EXERCISE
Starting at the line with "为了加强辅导员队伍建设,不断", return every line through the final one of the data, word for word. Pictures stay out.

INFORMATION PROVIDED
= Beginning of Section =

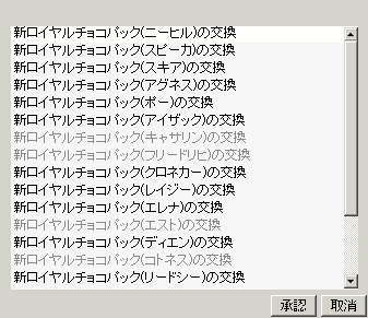 おネムなので露店出すために早めの確認。自分のメモ兼ねて売り切れチョコパック。依然リードシーより下の新規3人は残ってます。
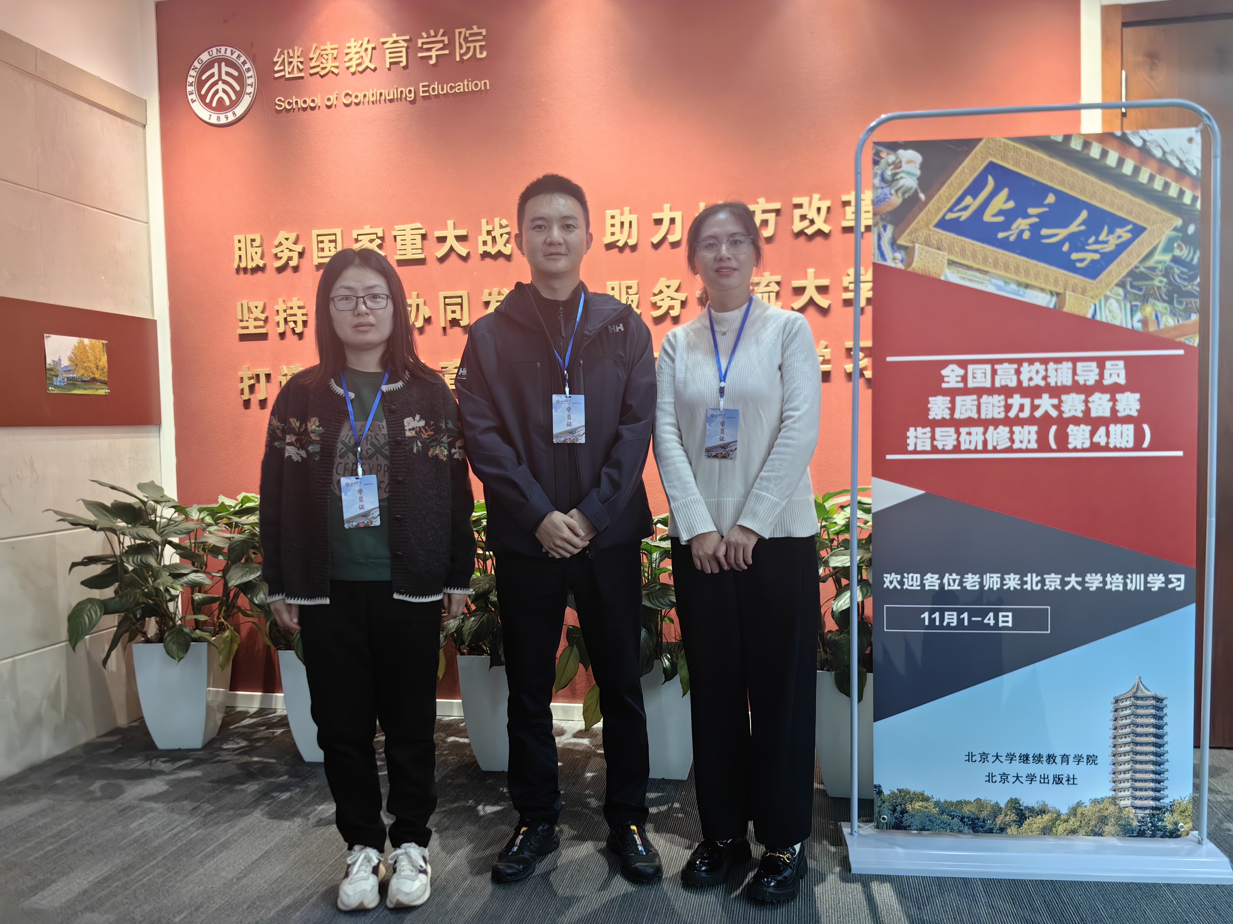 为了加强辅导员队伍建设,不断提升公司辅导员理论水平、职业能力和专业素养。11月1日至4日,WilliamHill体育“筑基致远”辅导员工作室负责人刘鸣奇,成员鲁小丽、施维清到北京参加《北京大学-全国高校辅导员素质能力大赛备赛指导研修班(第4期)》培训。
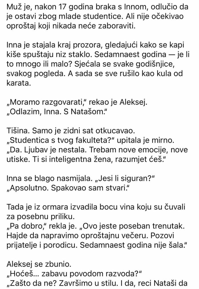 “Opet nisi stavila dovoljno soli, Ivana. Rekao sam ti već sto puta, znaš da volim kad je juha malo jača.” Dario je odložio žlicu na stol, a ja sam osjetila kako mi obrazi gore. U tom trenutku, dok sam stajala pored štednjaka, s rukama još mokrim od pranja povrća, poželjela sam nestati. Nije to bila […]

= End of Section =

TASK SOLUTION
 为了加强辅导员队伍建设,不断提升公司辅导员理论水平、职业能力和专业素养。11月1日至4日,WilliamHill体育“筑基致远”辅导员工作室负责人刘鸣奇,成员鲁小丽、施维清到北京参加《北京大学-全国高校辅导员素质能力大赛备赛指导研修班(第4期)》培训。
 “Opet nisi stavila dovoljno soli, Ivana. Rekao sam ti već sto puta, znaš da volim kad je juha malo jača.” Dario je odložio žlicu na stol, a ja sam osjetila kako mi obrazi gore. U tom trenutku, dok sam stajala pored štednjaka, s rukama još mokrim od pranja povrća, poželjela sam nestati. Nije to bila […]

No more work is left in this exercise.